*** Material for this task Section Begins ***

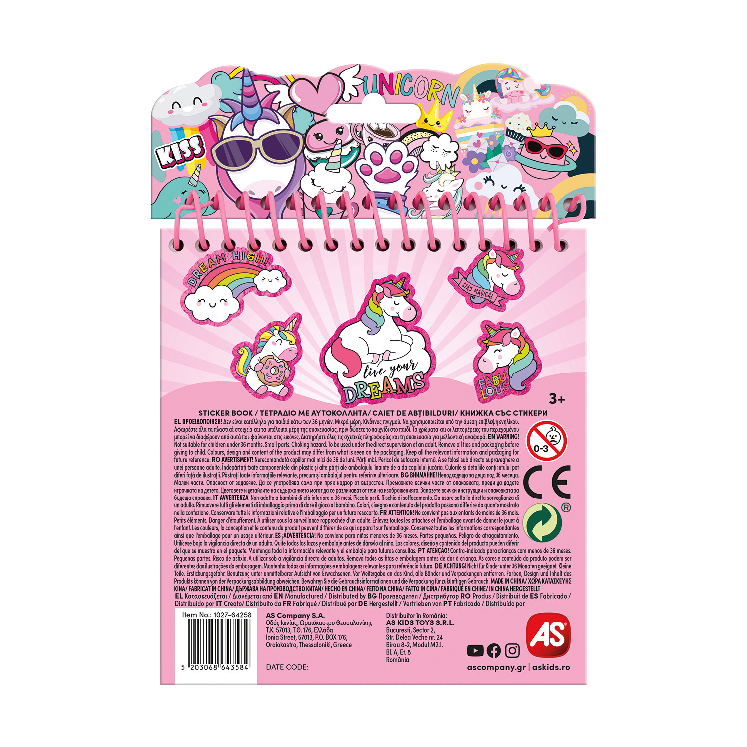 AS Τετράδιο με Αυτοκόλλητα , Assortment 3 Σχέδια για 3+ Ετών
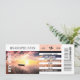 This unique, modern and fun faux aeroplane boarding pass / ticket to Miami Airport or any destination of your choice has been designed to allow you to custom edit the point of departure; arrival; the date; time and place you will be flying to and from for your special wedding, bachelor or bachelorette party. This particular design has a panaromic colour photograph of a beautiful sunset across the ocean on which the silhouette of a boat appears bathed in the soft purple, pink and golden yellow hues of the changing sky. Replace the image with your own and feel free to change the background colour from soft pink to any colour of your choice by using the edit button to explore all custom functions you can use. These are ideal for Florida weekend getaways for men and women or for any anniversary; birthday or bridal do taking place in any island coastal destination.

*** Material for this task Section Ends ***
*** Material for this task Section Begins ***

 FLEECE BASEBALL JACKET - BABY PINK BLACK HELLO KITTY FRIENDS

*** Material for this task Section Ends ***

• Try it
Text only, no pictures: please print exactly the lines above from the line with "AS Τετράδιο με" up to and including the line with "This unique, modern", and nothing else.

• Written response
 AS Τετράδιο με Αυτοκόλλητα , Assortment 3 Σχέδια για 3+ Ετών
 This unique, modern and fun faux aeroplane boarding pass / ticket to Miami Airport or any destination of your choice has been designed to allow you to custom edit the point of departure; arrival; the date; time and place you will be flying to and from for your special wedding, bachelor or bachelorette party. This particular design has a panaromic colour photograph of a beautiful sunset across the ocean on which the silhouette of a boat appears bathed in the soft purple, pink and golden yellow hues of the changing sky. Replace the image with your own and feel free to change the background colour from soft pink to any colour of your choice by using the edit button to explore all custom functions you can use. These are ideal for Florida weekend getaways for men and women or for any anniversary; birthday or bridal do taking place in any island coastal destination.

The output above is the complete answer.